An exact transcription of all the entries is needed; pictures stay out.

■ SOURCE RECORDS:
-.-.-
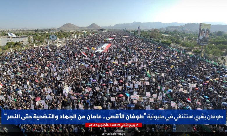 وأضاف “وما زلنا على العهد والوعد، نخرج اليوم خروجاً مليونياً في مسيرات استثنائية جهاداً في سبيل الله وابتغاء لمرضاته، مباركة للشعب الفلسطيني ومجاهديه الأعزاء، وتتويجاً لعامين من الاحتشاد الجهادي المشرف في مساندة الشعب الفلسطيني، وتأكيداً على ثباتنا على هذا الموقف الإيماني الراسخ حتى النصر المبين والفتح الموعود بإذن الله”.
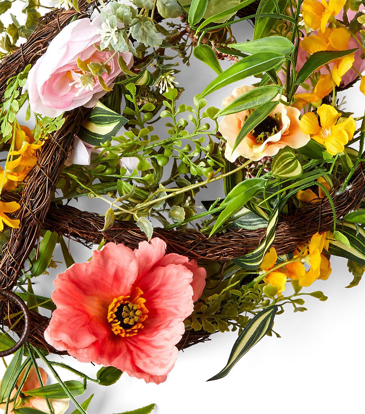 Add a splash of spring colors to your home with the Spring Poppy & Ranunculus Garland by Bloom Room. The beautiful arrangement of poppies, ranunculus blooms, baby’s breath flowers and berries in this wreath makes it just perfect for your seasonal decor theme. It will make a stunning statement piece for the mantel or entryway wall.
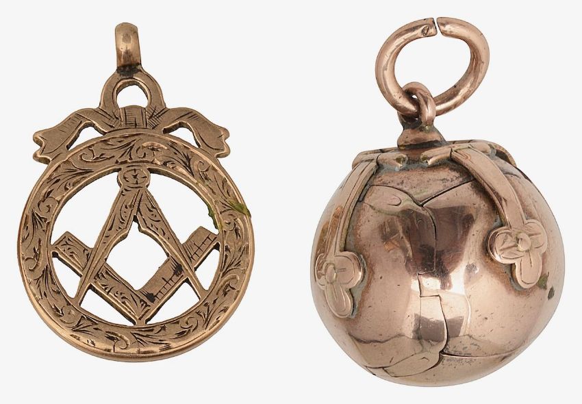 15ct gold Masonic fob pendant, stamped with hallmarks and Masonic spherical ball fob with four articulated arms opening to reveal pyramids in the form of a cross engraved with Masonic symbols (2)
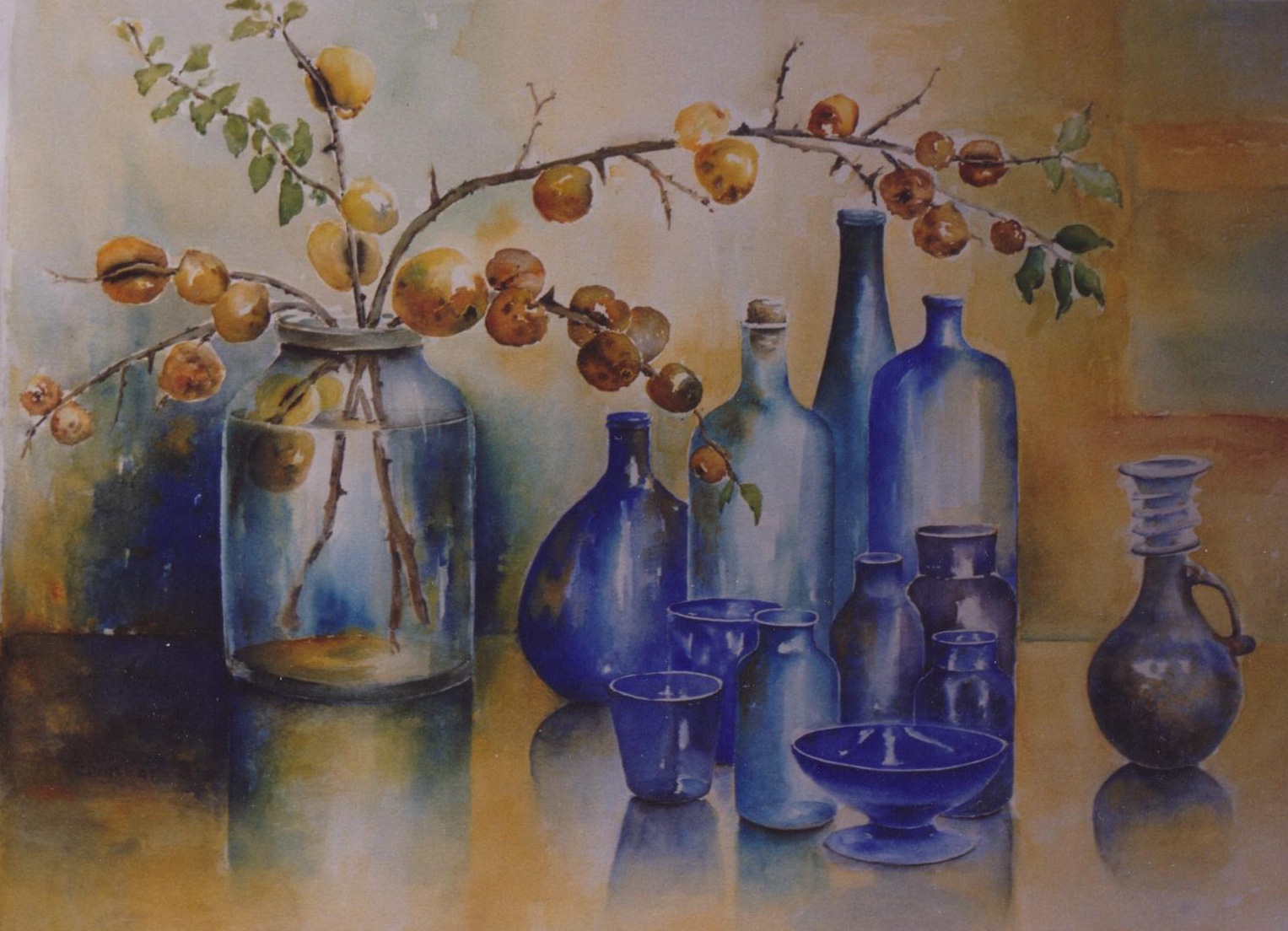 stilleven blauwe flessen
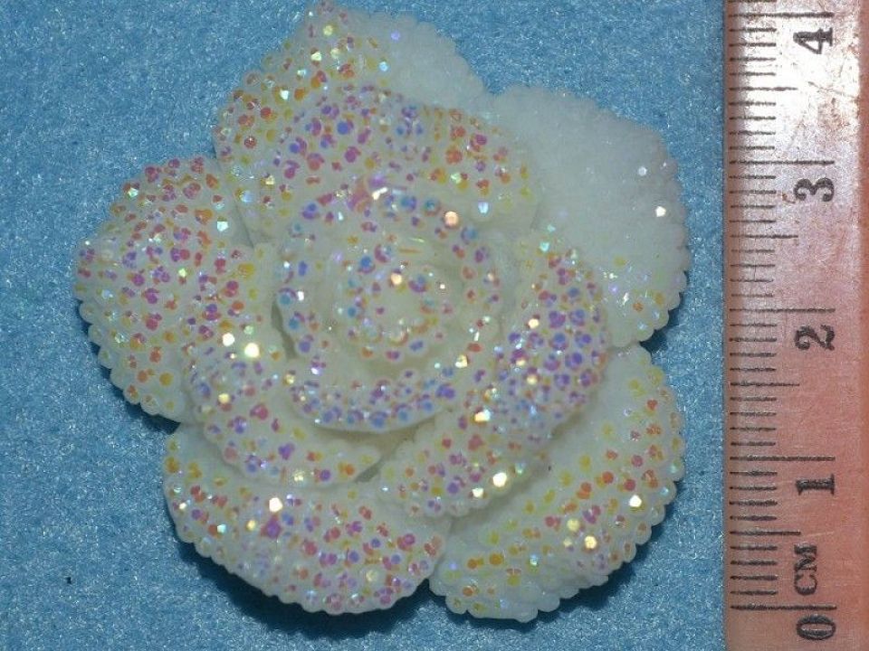 Пластиковий кабошон вигляді троянди, усипаний каменями має плоске (рівне) підстава. Розмір троянди 4см, підстава 2.5см.
-.-.-
■ TASK RESPONSE:
 وأضاف “وما زلنا على العهد والوعد، نخرج اليوم خروجاً مليونياً في مسيرات استثنائية جهاداً في سبيل الله وابتغاء لمرضاته، مباركة للشعب الفلسطيني ومجاهديه الأعزاء، وتتويجاً لعامين من الاحتشاد الجهادي المشرف في مساندة الشعب الفلسطيني، وتأكيداً على ثباتنا على هذا الموقف الإيماني الراسخ حتى النصر المبين والفتح الموعود بإذن الله”.
 Add a splash of spring colors to your home with the Spring Poppy & Ranunculus Garland by Bloom Room. The beautiful arrangement of poppies, ranunculus blooms, baby’s breath flowers and berries in this wreath makes it just perfect for your seasonal decor theme. It will make a stunning statement piece for the mantel or entryway wall.
 15ct gold Masonic fob pendant, stamped with hallmarks and Masonic spherical ball fob with four articulated arms opening to reveal pyramids in the form of a cross engraved with Masonic symbols (2)
 stilleven blauwe flessen
 Пластиковий кабошон вигляді троянди, усипаний каменями має плоске (рівне) підстава. Розмір троянди 4см, підстава 2.5см.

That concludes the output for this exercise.